The US growth stock I prefer

The fact that I’m avoiding such stocks, does not mean that I’m avoiding US shares altogether. In fact, I believe that there are still a number of opportunities in the US markets, with slightly less established companies. One example is SoFi Technologies (NASDAQ: SOFI), a fintech providing a number of different services, including loan refinancing, mortgages, investing and banking. So, why do I like this growth stock?

After its recent second-quarter trading update, I think that the SoFi share price was unfairly punished. In fact, on the day, it fell 14%, due to the company posting a higher-than-expected loss of $165.3m. But there are a couple of reasons why I think this dip offers the perfect time to buy.

Firstly, revenue managed to rise to $231.3m from $115m last year, and this was higher than analysts were expecting. The company’s member base also grew to 2.6m, up from 1.2m the previous year. These numbers clearly demonstrate growth and give me hope that the company has huge potential for the future.

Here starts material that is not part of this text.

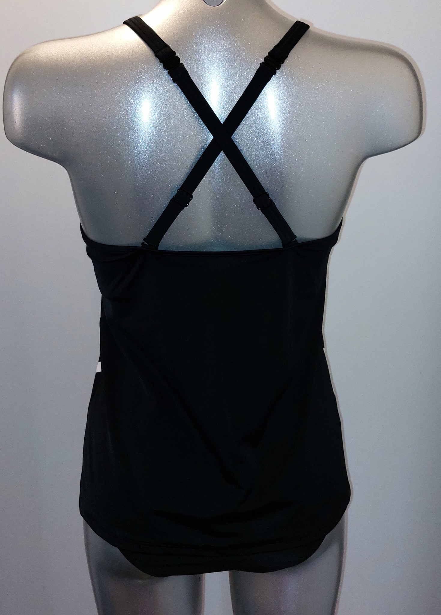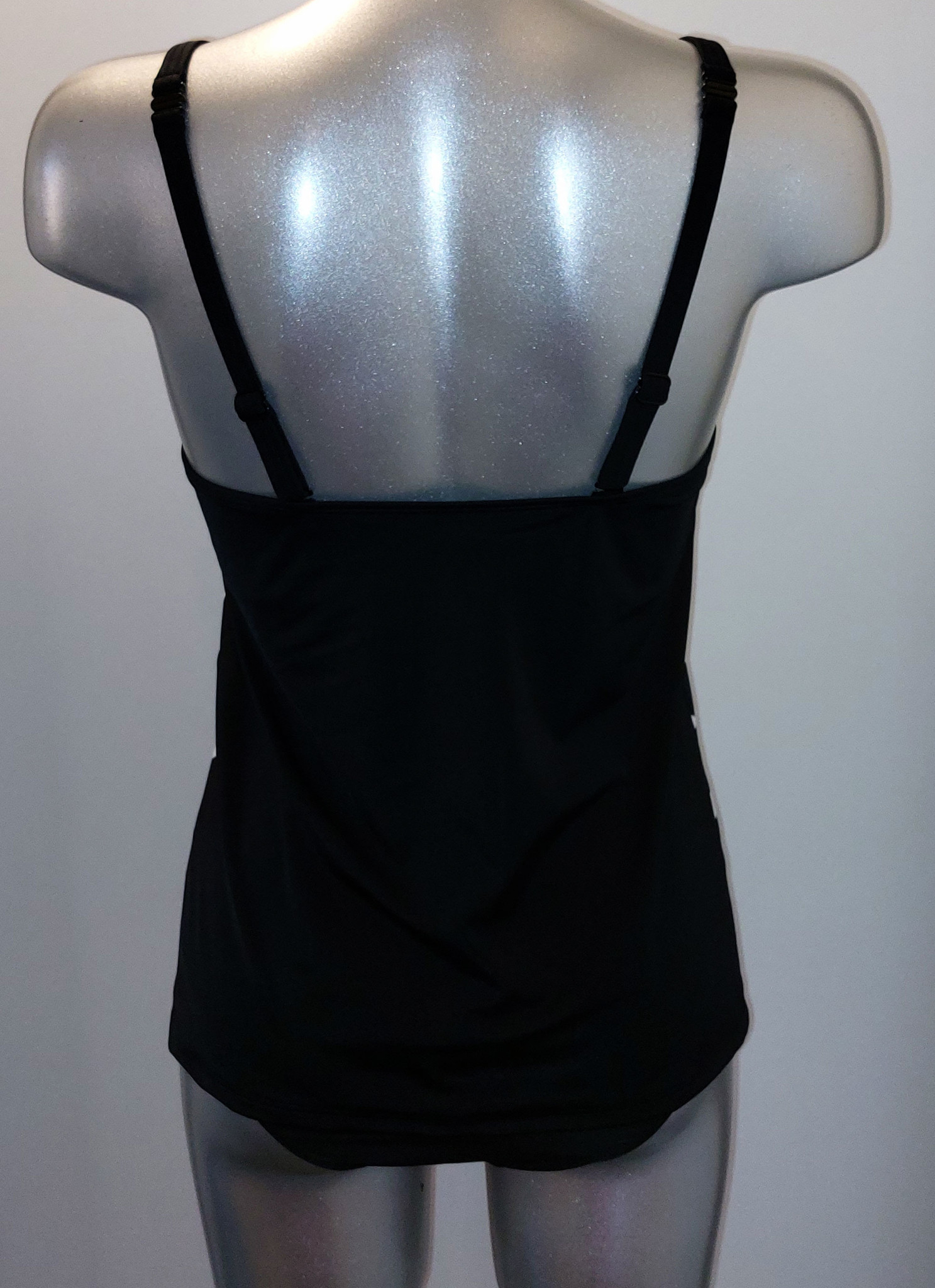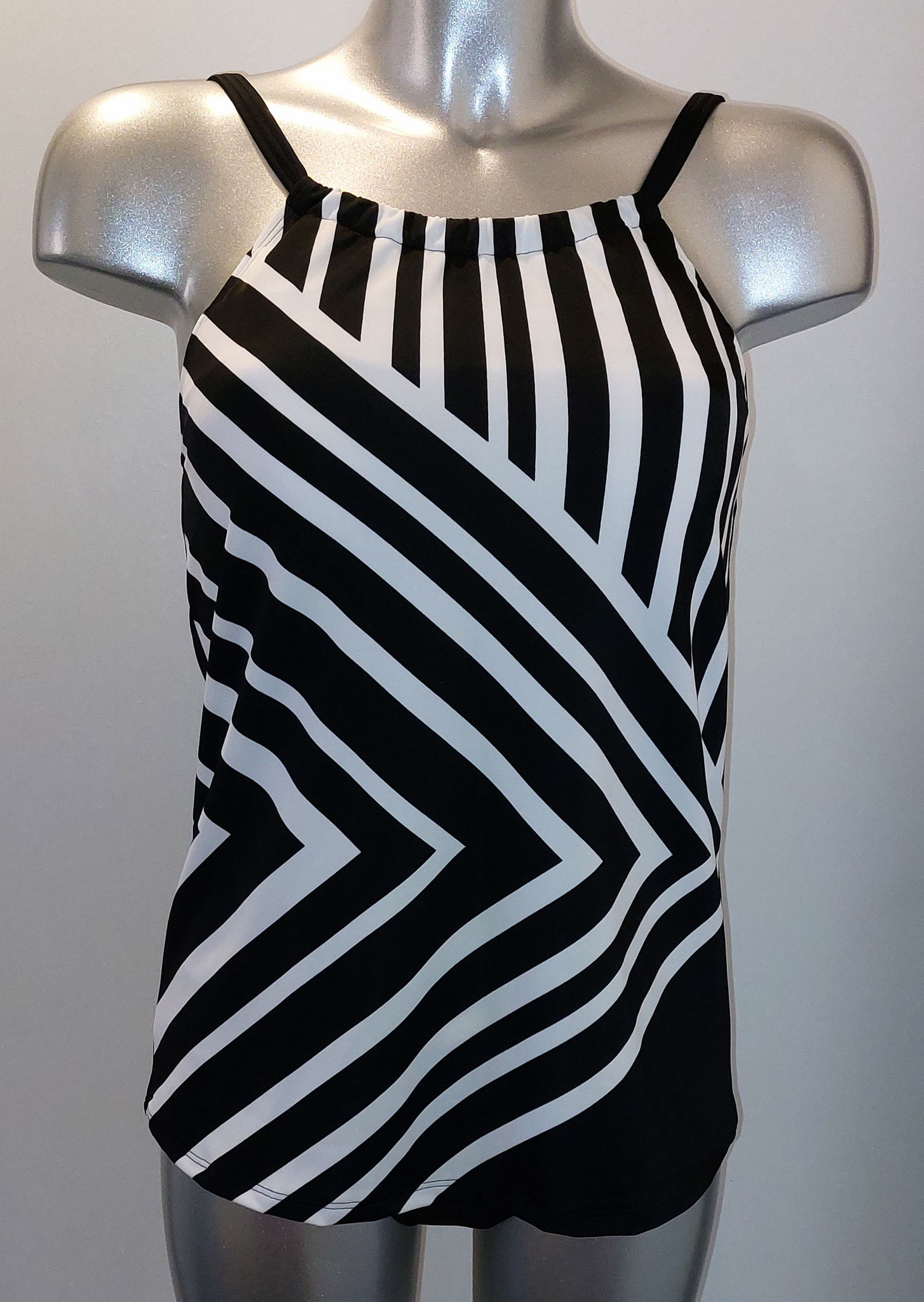 Uit de Amoena Care collectie de stijlvolle prothese tankinitop Andalusia zonder beugel & licht voorgevormde cup de maten B38/cupmt B75 t/m B46 is cupmt B95, de kleurencombinatie zwart met wit. Te dragen tijdens het zwemmen maar ook heel leuk om te dragen als top.

Secondly, the largest contributors to the loss included stock-based compensation expenses and fair value changes in warrants. Both of these expenses are short term and non-recurring, and this gives me hope that SoFi can reach profitability in the near future. Of course, this is not guaranteed, and the current unprofitability is a risk that requires consideration.

Even so, I am willing to overlook this due to the potential of this business. With a price-to-sales ratio of 12, SoFi also seems more reasonably priced than other fintech companies. Indeed, Robinhood trades with a price-to-sales ratio of over 40. This is why SoFi makes up part of my portfolio, and I’m tempted to buy more at these prices.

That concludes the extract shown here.